→ **Exercise prompt**: Excluding pictures, retype the line with "Zimą widok ze" and each line that follows it to the end of the data below, word for word.

→ **Material provided**:
----
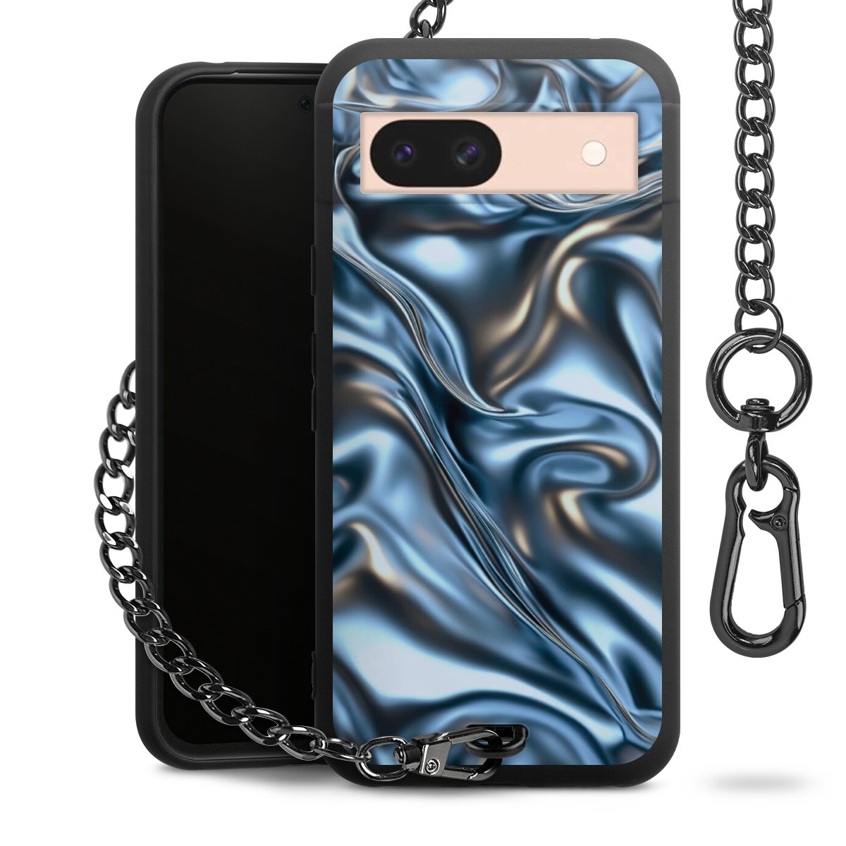 Die mattschwarze Silikon-Handyhülle besteht aus robustem TPU (thermoplastisches Polyurethan). Sie ist flexibel und schützt Dein Smartphone vor Stößen und Kratzern. Die Kette sowie der Karabinerhaken sind aus Metall in Gunmetal-Optik gefertigt. Für dieses Produkt kommen ausschließlich TÜV-geprüfte Materialien zum Einsatz.
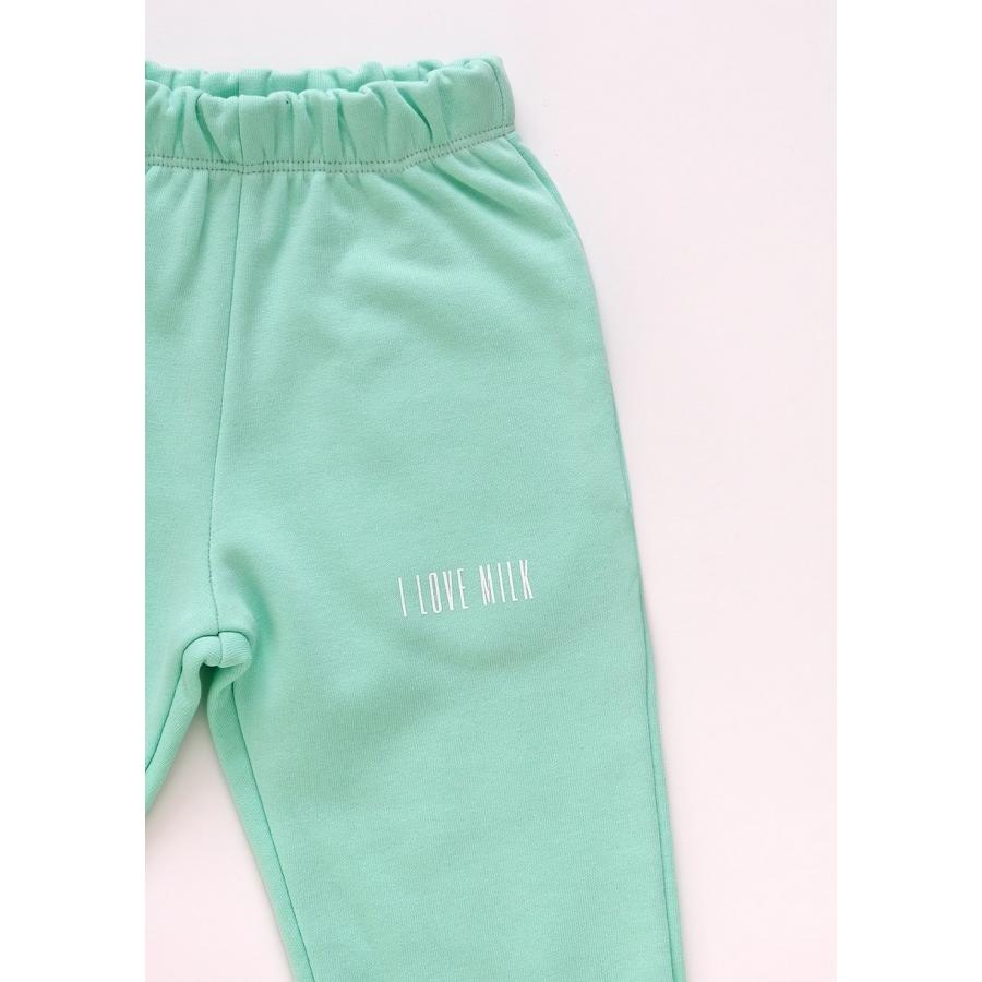 Sportovní tepláky I LOVE MILK v mátové barvě, vyrobené z vysoce kvalitního materiálu a navržení podle nejnovějších módních trendů.
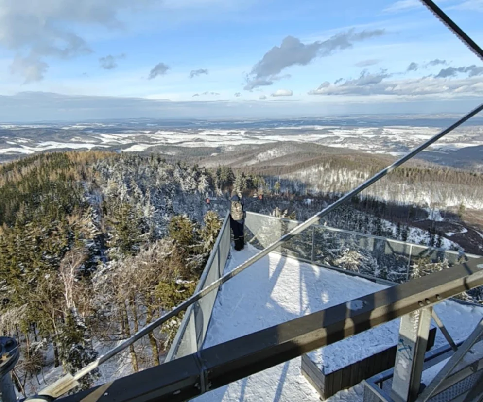 Zimą widok ze szczytu robi szczególne wrażenie. Białe Sudety, słońce odbijające się od śniegu i cisza, którą przerywa jedynie wiatr, tworzą niemal filmową scenerię.
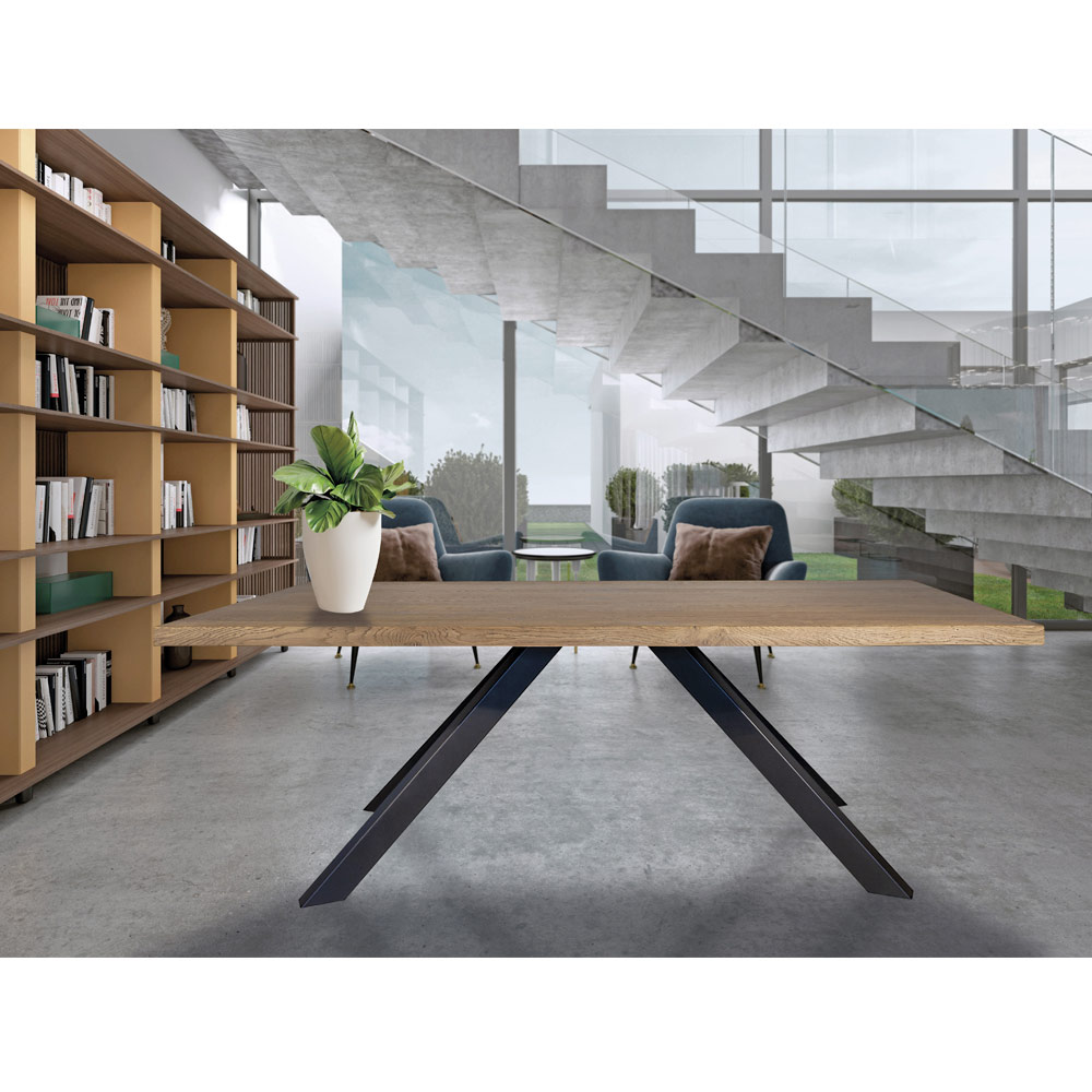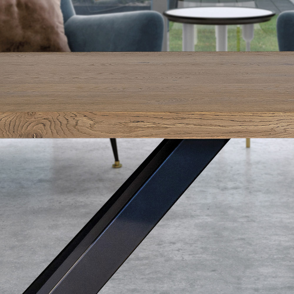 طاولة خشبية من خشب البلوط المقشر والمعقود وقاعدة معدنية صنع في إيطاليا.
----
→ **Answer space**:
 Zimą widok ze szczytu robi szczególne wrażenie. Białe Sudety, słońce odbijające się od śniegu i cisza, którą przerywa jedynie wiatr, tworzą niemal filmową scenerię.
 طاولة خشبية من خشب البلوط المقشر والمعقود وقاعدة معدنية صنع في إيطاليا.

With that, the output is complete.